2. Decompose work into agent-sized units.
3. Route model tiers by task complexity.
4. Measure with evals and regression checks.
## Eval-First Loop
1. Define capability eval and regression eval.
2. Run baseline and capture failure signatures.
3. Execute implementation.
4. Re-run evals and compare deltas.
**Example workflow:**
“`
1. Write test that captures desired behavior (eval)

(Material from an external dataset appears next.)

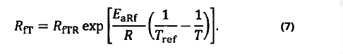 實(shí)驗(yàn)結(jié)果表明電池在循環(huán)過(guò)程中,A~D這4個(gè)位置在電池表面處的溫度隨時(shí)間變化,在該低溫循環(huán)條件下,4個(gè)位置的最大溫差在2℃以內(nèi)?R film是對(duì)溫度較為敏感的參數(shù),其隨溫度的變化通常可以利用阿累尼烏斯關(guān)系式來(lái)表述:
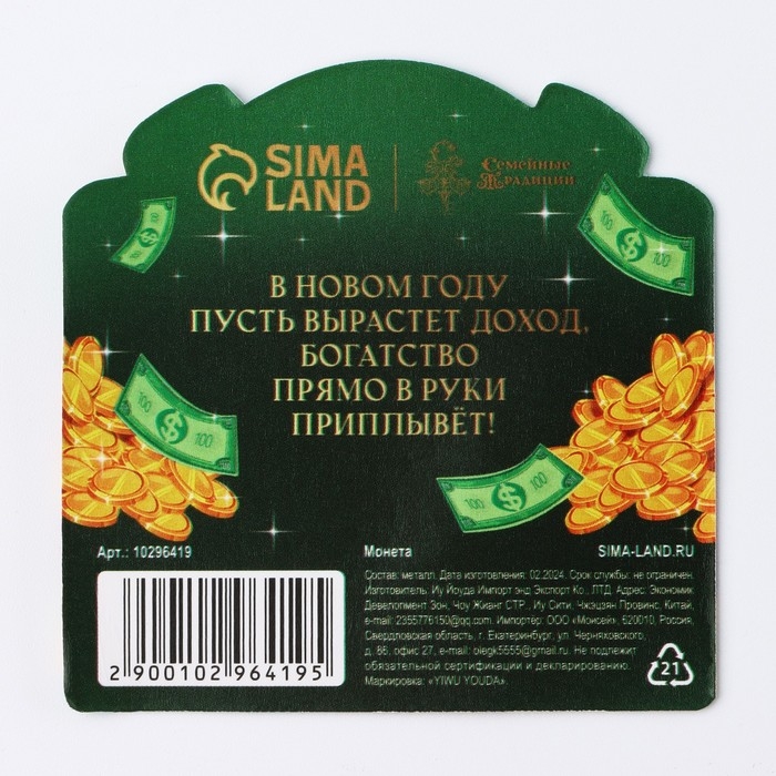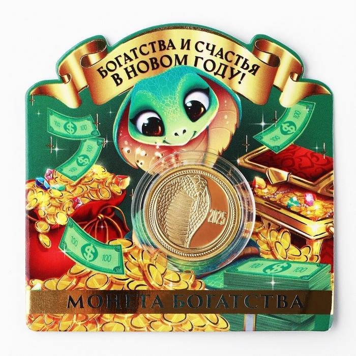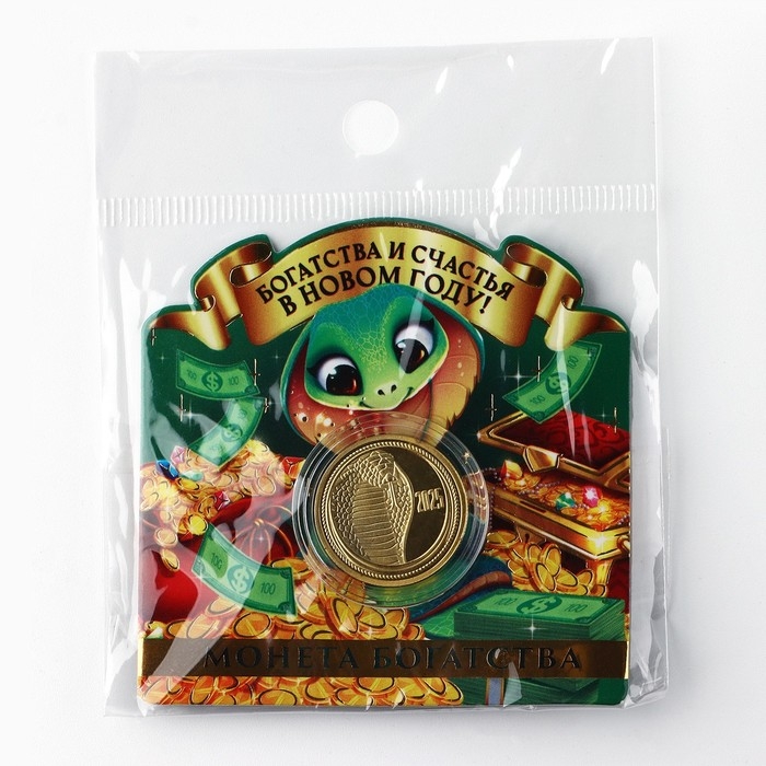 Монета новогодняя «Богатства и счастья» на Новый год, диам. 2,2 см

2. Run test → capture baseline failures
3. Implement feature
4. Re-run test → verify improvements
5. Check for regressions in other tests
“`
## Task Decomposition
Apply the 15-minute unit rule:
– Each unit should be independently verifiable
– Each unit should have a single dominant risk
– Each unit should expose a clear done condition
**Good decomposition:**
“`
Task: Add user authentication
├─ Unit 1: Add password hashing (15 min, security risk)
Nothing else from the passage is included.